When it comes to the Bush administration’s role in leading the war of ideas, the report states, "there is a consensus that U.S. public diplomacy is in crisis. Missing are strong leadership, strategic direction, adequate coordination, sufficient resources, and a culture of measurement and evaluation." The report complains that the Bush administration was satisfied with making some minor changes to the way America conducts its public diplomacy. Some of these changes included delivering public speeches that emphasize that the “War on Terrorism,” is not a war on Islam, encouraging top officials to appear on Arab and global media networks, launching a new TV network Al Hurra, and a new radio station Sawa, in Arabic and embedding journalists with the troops in Iraq.
Yet, there has been no presidential directive to reorganize America’s public diplomacy institutions, programs, or strategies. One of the administrations’ main public diplomacy posts, the Office of the Under Secretary of State for Public Diplomacy and Public Affairs, was vacant for two of the first four years of the Bush administration. The Department of Defense created an Office of Strategic Influence in October 2001 to lead a "strategic information campaign in support of the War on Terrorism" and then shut it down in four months after some officials accused the office of intending to spread lies and misinformation that would ultimately hurt America’s image and credibility in the world.
As a result, America’s public diplomacy agencies and officials had been with little planning, research, internal coordination, or any measurable ways to evaluate their work. Moreover, these agencies were left with narrow budgets that did not correspond with the administration’s frequent emphasis on the importance of winning the war of ideas. The report estimates that the annual spending of America’s public diplomacy programs is about $ 1.2 billion, which is equal to one-quarter of 1 percent of the military budget. "Political leaders," the report urges, "need to determine whether a military budget 400 times greater than a strategic communication budget is adequate to U.S. national security strategy and to a global War on Terrorism viewed as a struggle about ideas."
Counterproductive Foreign Policies
Speaking about the effect of America’s foreign policies on its image in the Middle East, the report eloquently states that "the critical problem in American public diplomacy directed toward the Muslim World is not one of "dissemination of information," or even one of crafting and delivering the "right" message. Rather, it is a fundamental problem of credibility."
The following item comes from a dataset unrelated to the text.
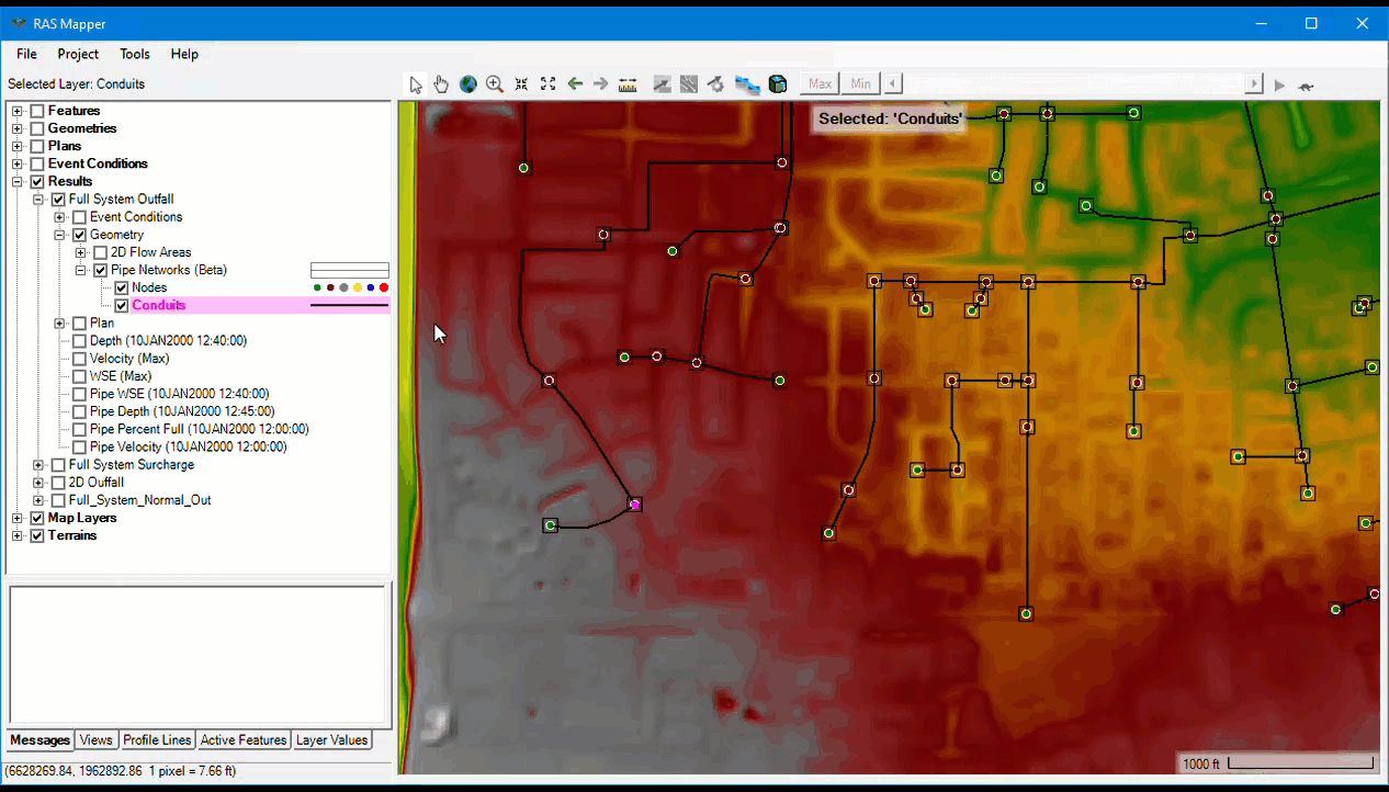 Similar to 1D and 2D model results, pipe network results are spatially plotted in the RAS Mapper. When a modeling simulation containing a pipe network completes, four new default map layers are added to the map window : Pipe HGL, Pipe Depth, Percent Full, Pipe Velocity.

To explain America’s credibility problem, the report refers in an unparalleled way to some of America’s policies toward the Arab and Muslim worlds. "U.S. Policies on Israeli-Palestinian issues and Iraq in 2003-2004," the report warns, "have damaged America’s credibility and power to persuade.” It also refers to Muslims’ perceptions of "one-sided support [of America] in favor of Israel and against Palestinians", of the "chaos and suffering" resulting from America’s occupation of Iraq and Afghanistan, and of America’s support for some Arab and Muslim non-democratic regimes.
America’s counterproductive policies, according to the report, did not only lead to diminishing Arab support for the United States, but they have also led to the elevation of "the stature of and support" that some radical groups have in the Arab and Muslim societies. They have transformed what the report describes as "a marginal network" of extremists into a "wide movement of fighting groups," which can be easily seen happening in Iraq today.
Defining the War on Terrorism
More surprisingly, the report, if read carefully, points to a startling major problem hindering America’s officials who are responsible for planning and applying America’s war of ideas. They do not have a common understanding of the true nature and main goal of the War on Terrorism.
The report describes the War on Terrorism as the new "meta narrative," that has replaced the Cold War paradigm, and through which most government officials discuss and think about America’s national security today. Yet, it complains that the U.S. Government is still using a "Cold War style response" that leaves most officials with little understanding of the true nature of the new era and its proper policies. "The U.S. Government does not even have a coherent statement of the problem, and refuses to address the importance of strategic communication in addressing it," the report cautions. As a result, discussions about the War on Terrorism very often "direct attention to tactics not strategy."
In this regard, the report warns that the War on Terrorism "is more than a war against the tactic of terrorism." It also warns against short-term solutions and against manipulative public relations. The authors of the report defined the War on Terrorism as "a generational and global struggle about ideas, not a war between the West and Islam," in which "the United States today is not seeking to contain a threatening state/empire, but rather seeking to convert a broad movement within Islamic civilization to accept the value structure of Western Modernity."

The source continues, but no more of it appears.